● PROBLEM DETAILS: In the entries below, begin at the line that has "Dieses Growi® Rundbogen-Weidezelt" and stop after the line that has "VARELY ANTONIO, - (2025)"; output those lines exactly, leaving out pictures.

┌──

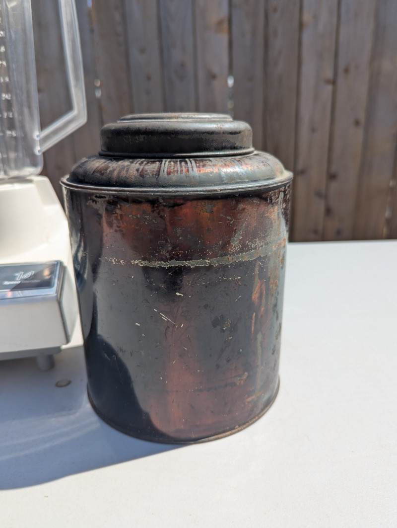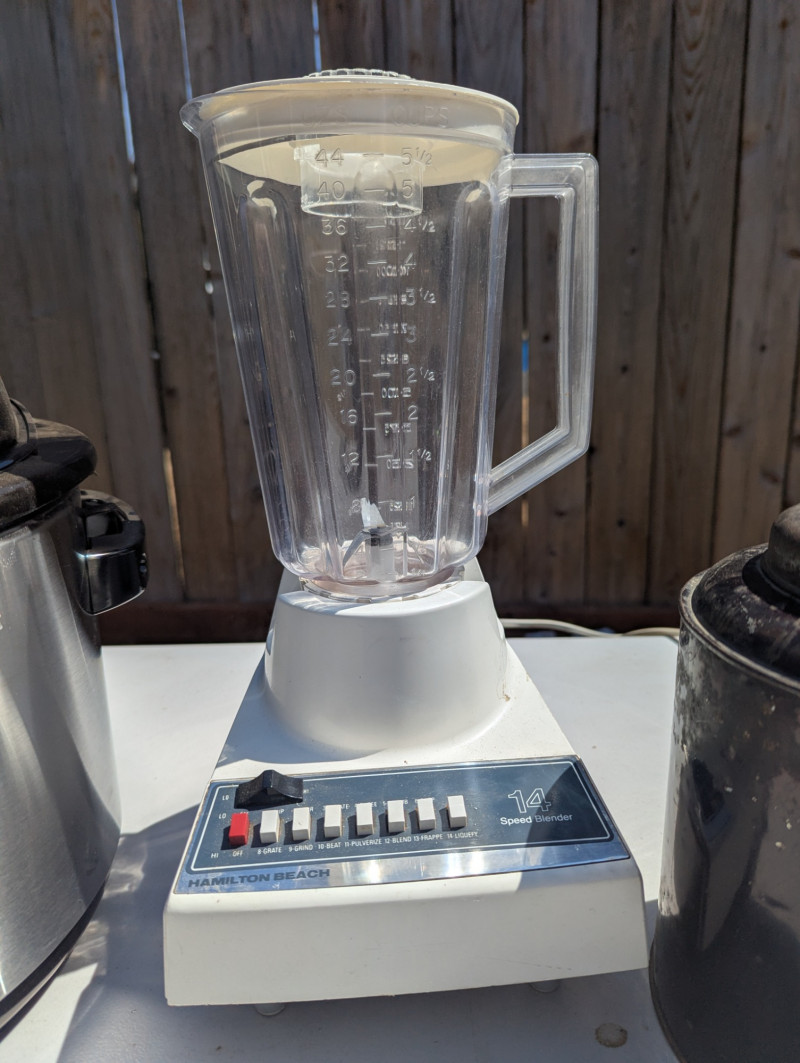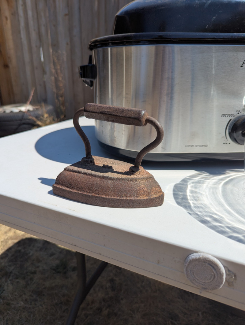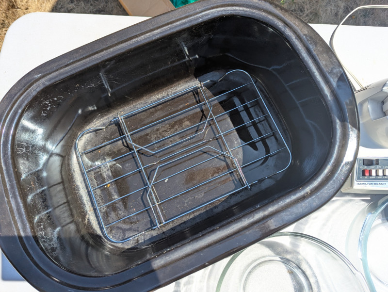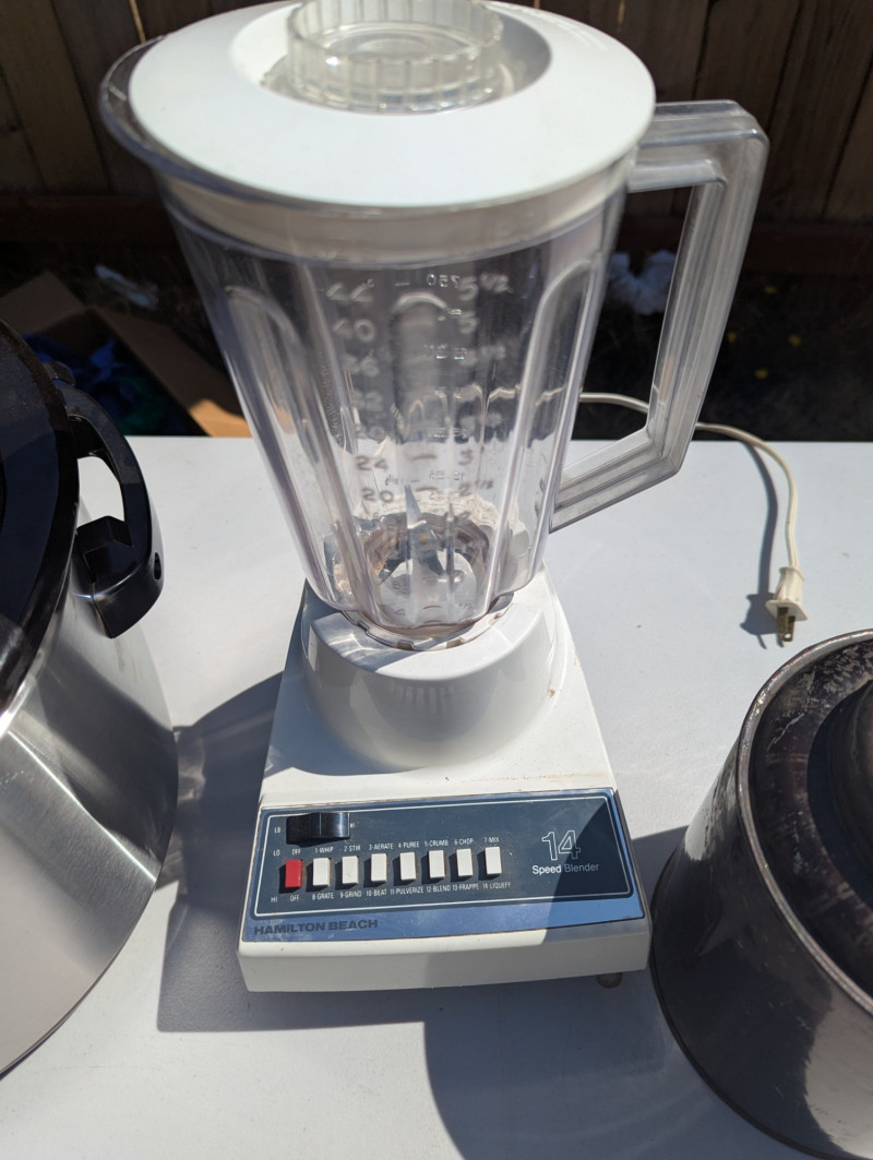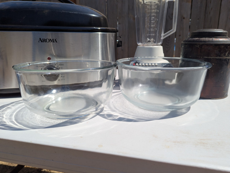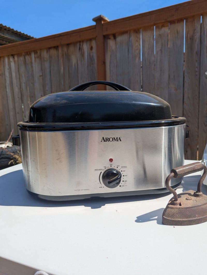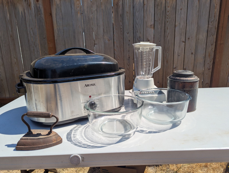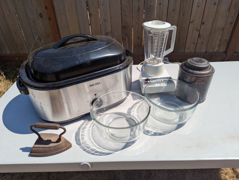 Hardly used Giant Slow Cooker that would be perfect for a roast, turkey or whole chicken dinners. Along with a plastic blender, two glass mixing bowls, and old fashioned iron and a canister.
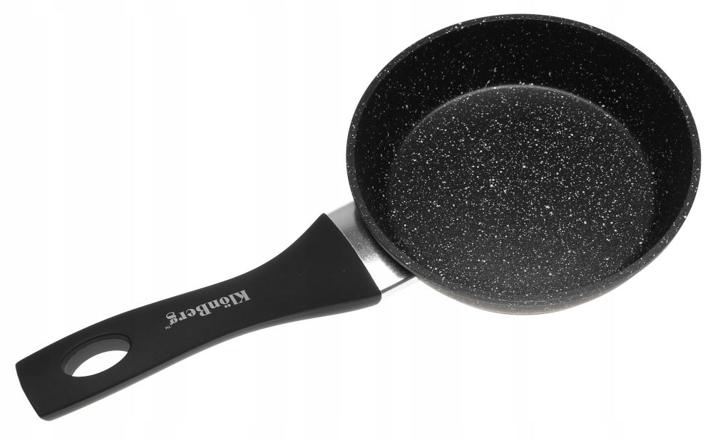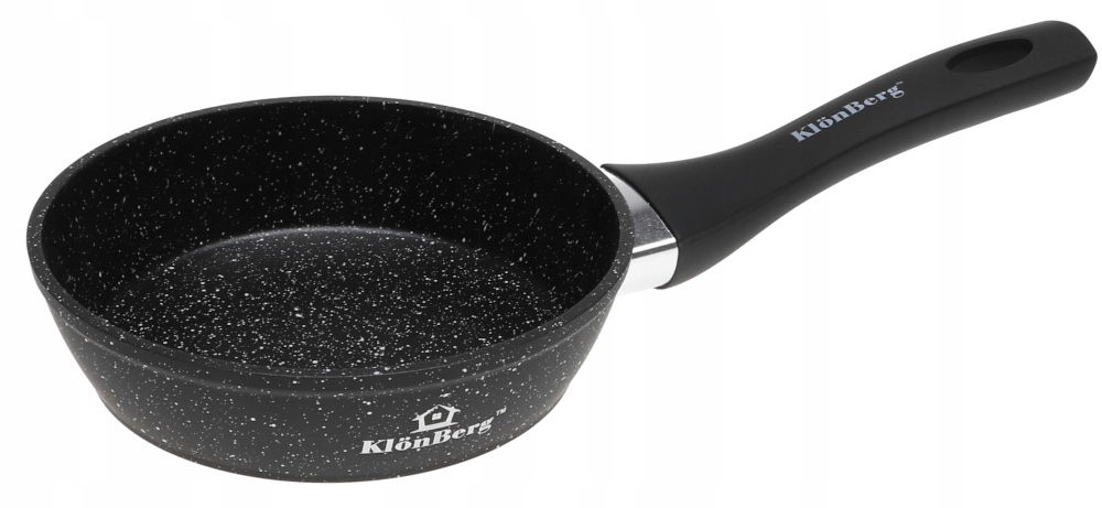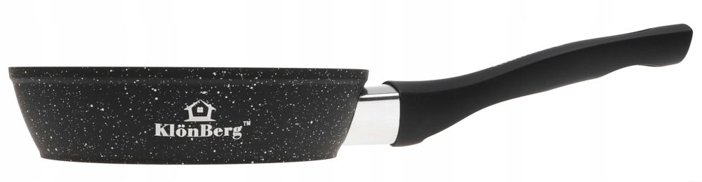 - Ergonomiczny uchwyt, wykonany z odpornego na wysokie temperatury gumowanego tworzywa sztucznego, zapobiega wyślizganiu się patelni z rąk podczas użytkowania
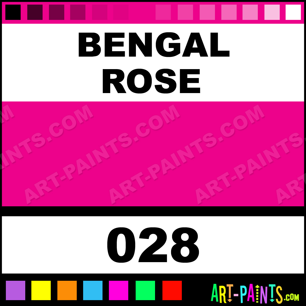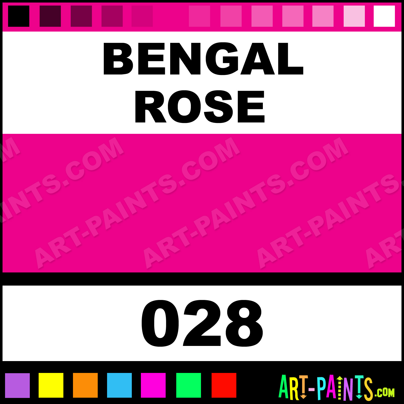 This beautiful Designers Gouache Calligraphy Ink Pigment shade is called Bengal Rose, and comes from a great company called Winsor and Newton. Their product number, along with the HTML color code, RGB, and CMYK codes are listed below. This Beautiful Paint Pigment Shade of Bengal Rose and others can be found in the Winsor and Newton Designers Gouache Art Ink Gallery! Be sure to browse through the other wonderful Professional Galleries to see more of Winsor and Newton Designers Gouache Calligraphy Brand Inks and Paints and other Paint Manufacturers.   -Art-Paints.com
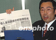 香港醫(yī)學分子診斷中心等機構十二月十二日在香港舉行“DNA與健康”新聞發(fā)布會。圖為香港大學生物系榮譽副教授譚榮安博士在會上介紹基因檢測技術的應用。錢興強 攝
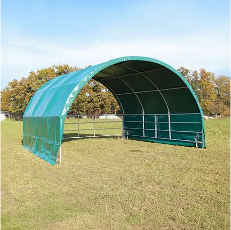 Dieses Growi® Rundbogen-Weidezelt besteht aus 6 Panels, einer Dachkonstruktion, einer PES-Gewebeplane (aus UV-beständige Hochleistungs-Plane (650 g/m²) in grün), feuerverzinkten Ratschen und Abspannrohren.
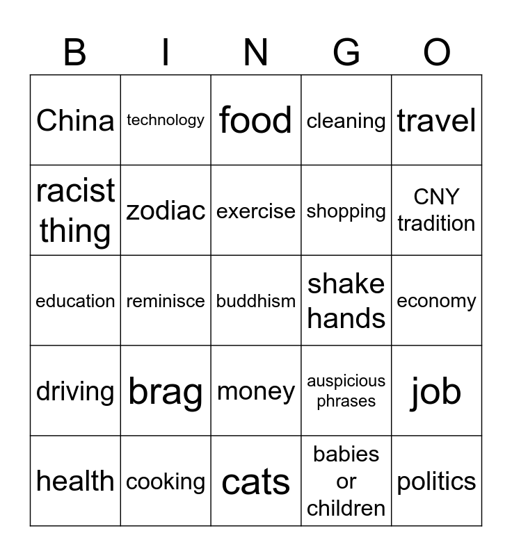 This bingo card has 25 words: brag, cats, exercise, health, travel, China, racist thing, technology, shake hands, money, shopping, education, auspicious phrases, job, zodiac, politics, economy, food, CNY tradition, reminisce, buddhism, cooking, driving, cleaning and babies or children.
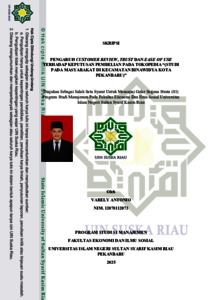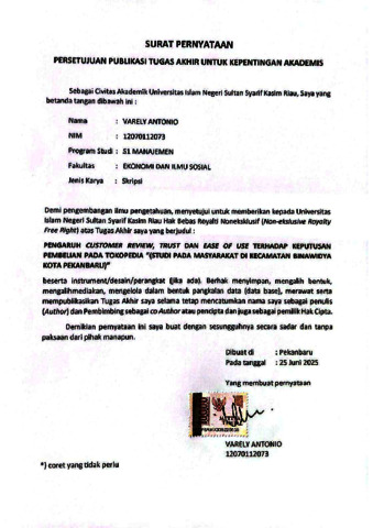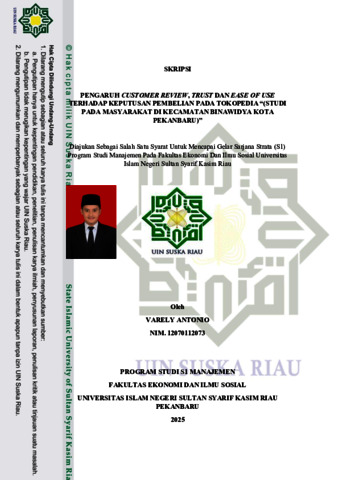 VARELY ANTONIO, - (2025) PENGARUH CUSTOMER REVIEW, TRUST DAN EASE OF USE TERHADAP KEPUTUSAN PEMBELIAN PADA TOKOPEDIA “(STUDI PADA MASYARAKAT DI KECAMATAN BINAWIDYA KOTA PEKANBARU)”. Skripsi thesis, UNIVERSITAS ISLAM NEGERI SULTAN SYARIF KASIM RIAU.
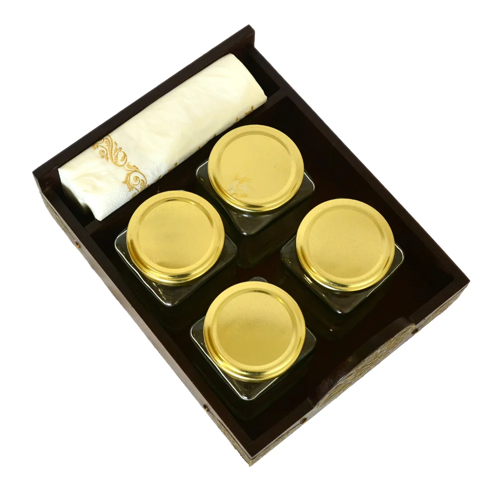 - Multi-Functional Design: Comes with 4 glass jars with airtight golden lids, perfect for storing spices, condiments, dry fruits, or tea leaves. Also features a dedicated section for napkins/tissues.
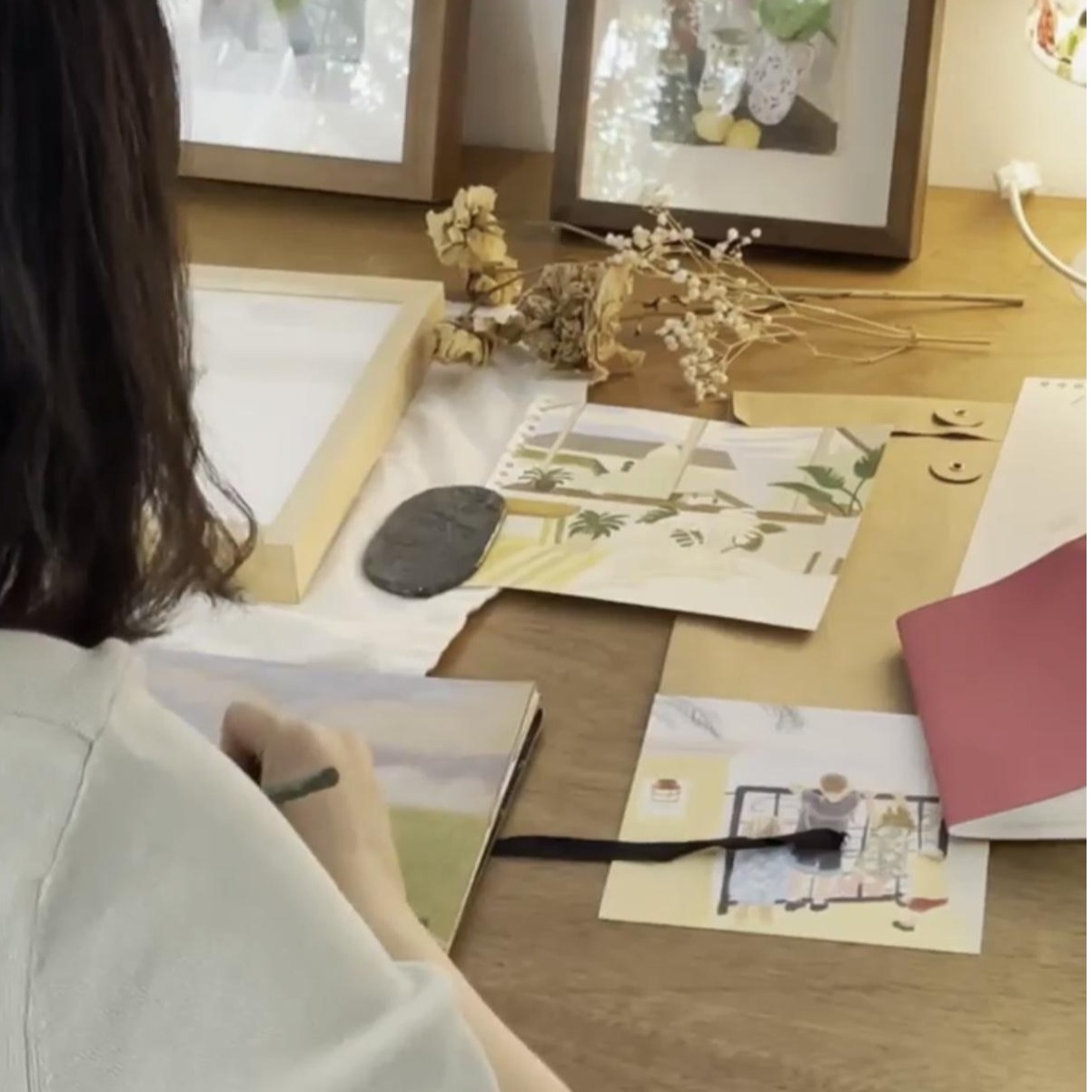 그녀는 일상의 소소한 순간과 개인적인 경험에서 영감을 얻습니다. 흔히 지나치기 쉬운 그 작은 순간들을 세심하게 관찰한 뒤, 색의 겹과 선의 결을 통해 재구성함으로써 ‘익숙하지만 낯선’ 이야기를 만들어 냅니다. 보는 이로 하여금 가만히 숨을 고르고 마음속 깊은 곳에 잔잔한 위로를 건네도록 이끕니다.
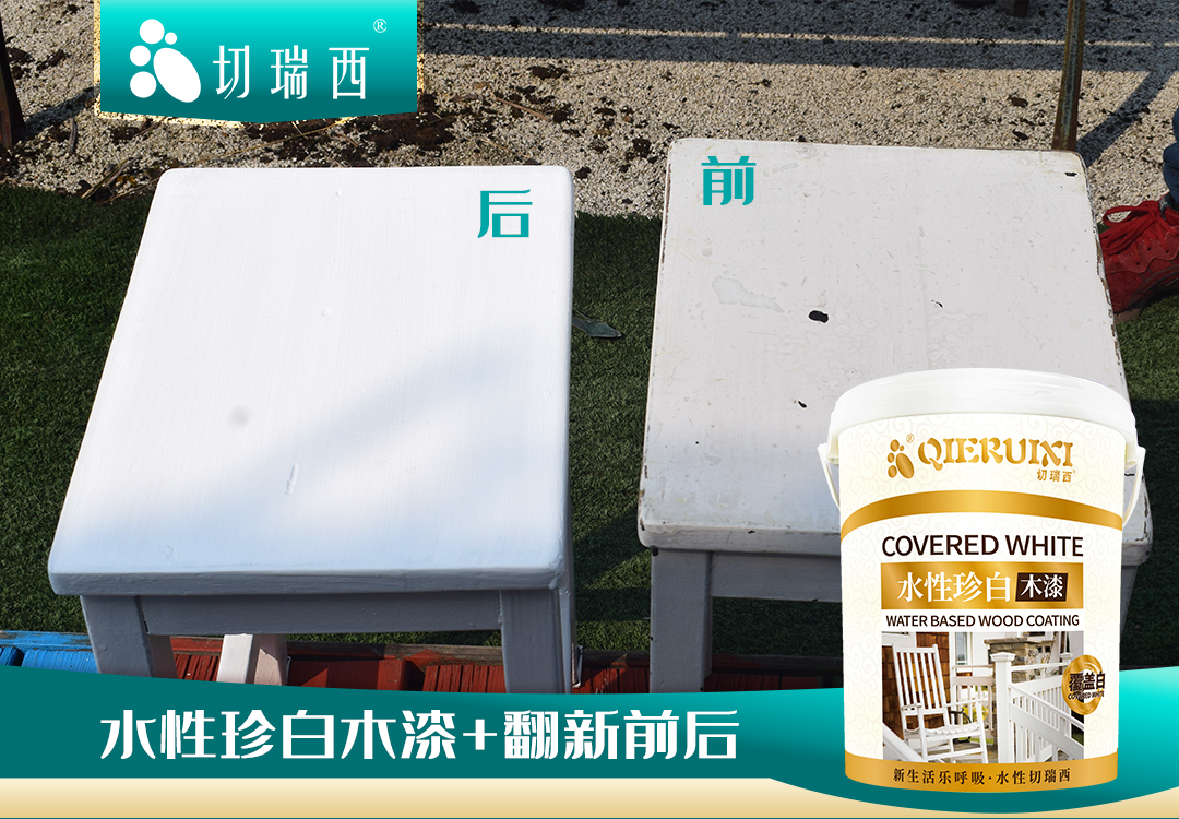 水性珍白木漆自身即为覆盖白色涂料,无需添加色浆调色。实木凳翻新前已出现漆膜脱落,污渍无法清除的现象,使用水性珍白木漆翻新,实干后表面的漆膜光滑柔润,耐水耐脏污且不易黄变。
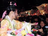 穿上唐代衣服向市民送花
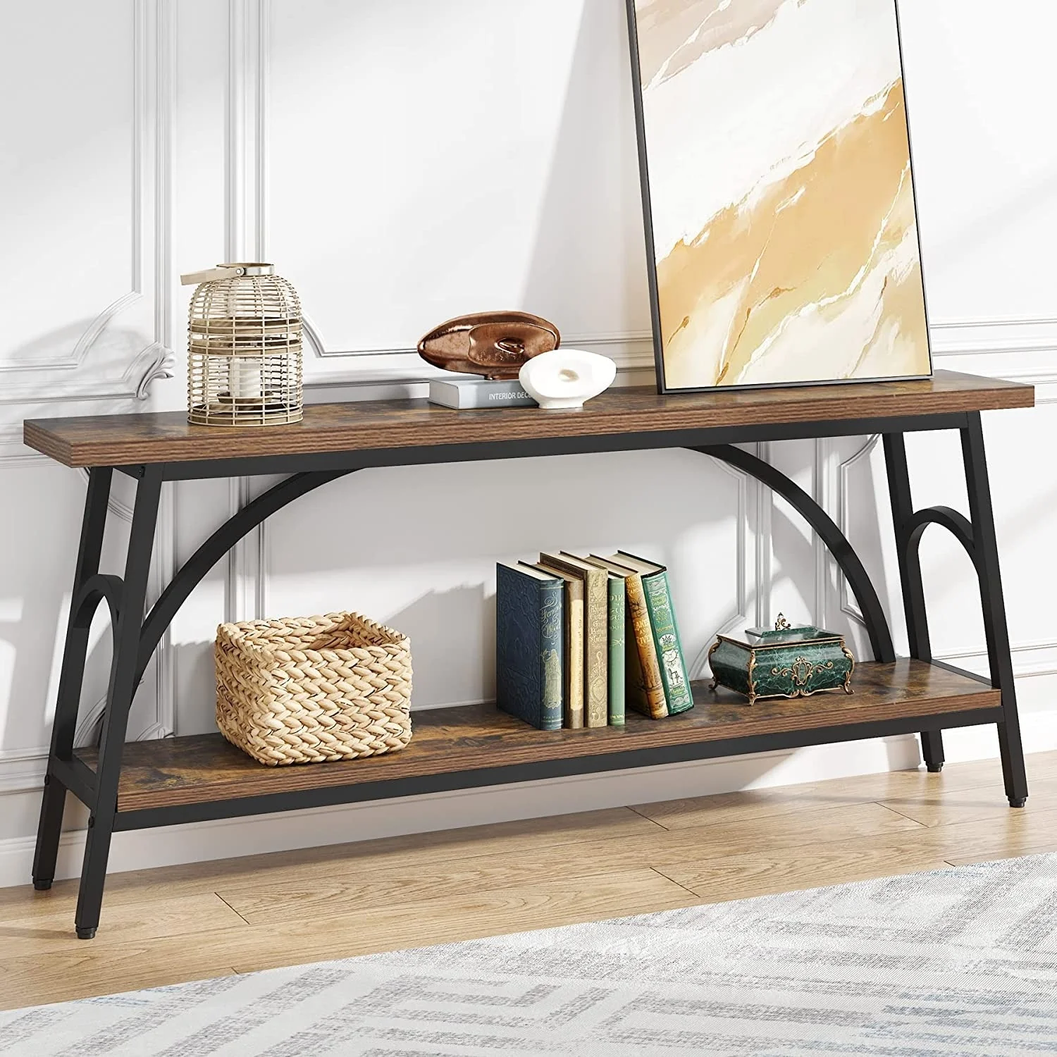 Narrow Long Console Table Sofa Table with Half Moon Frame
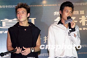 歌星余文樂、陳冠希5月2日在香港出席電影《無間道Ⅱ》及《無間道Ⅲ終極無間》新聞發布會,余文樂、陳冠希早前傳聞不和,今天兩人大方地站在一起宣傳新片。鄧慶樂 攝
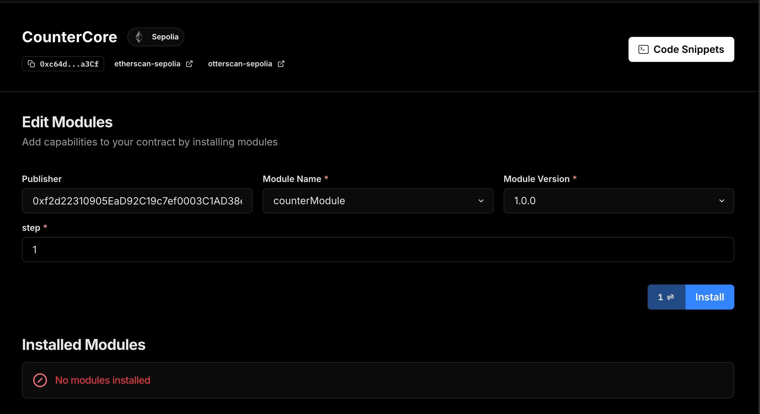 counterModule. Once it finishes checking eligibility, select "Module Version" as 1.0.0 and choose whichever step you wish to use.Finally, click "Install".
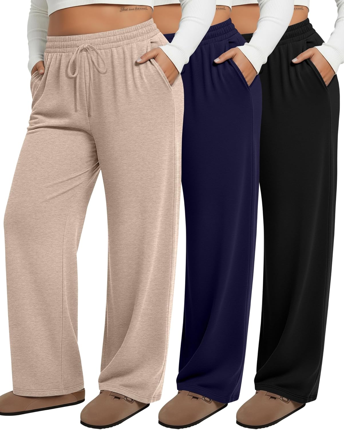 Neer 3 Pack Women's Plus Size Sweatpants Wide Leg High Waist Drawstring Yoga Lounge Joggers Open Bottom Pants with Pockets

└──

● RESPONSE TO THE EXERCISE:
 Dieses Growi® Rundbogen-Weidezelt besteht aus 6 Panels, einer Dachkonstruktion, einer PES-Gewebeplane (aus UV-beständige Hochleistungs-Plane (650 g/m²) in grün), feuerverzinkten Ratschen und Abspannrohren.
 This bingo card has 25 words: brag, cats, exercise, health, travel, China, racist thing, technology, shake hands, money, shopping, education, auspicious phrases, job, zodiac, politics, economy, food, CNY tradition, reminisce, buddhism, cooking, driving, cleaning and babies or children.
 VARELY ANTONIO, - (2025) PENGARUH CUSTOMER REVIEW, TRUST DAN EASE OF USE TERHADAP KEPUTUSAN PEMBELIAN PADA TOKOPEDIA “(STUDI PADA MASYARAKAT DI KECAMATAN BINAWIDYA KOTA PEKANBARU)”. Skripsi thesis, UNIVERSITAS ISLAM NEGERI SULTAN SYARIF KASIM RIAU.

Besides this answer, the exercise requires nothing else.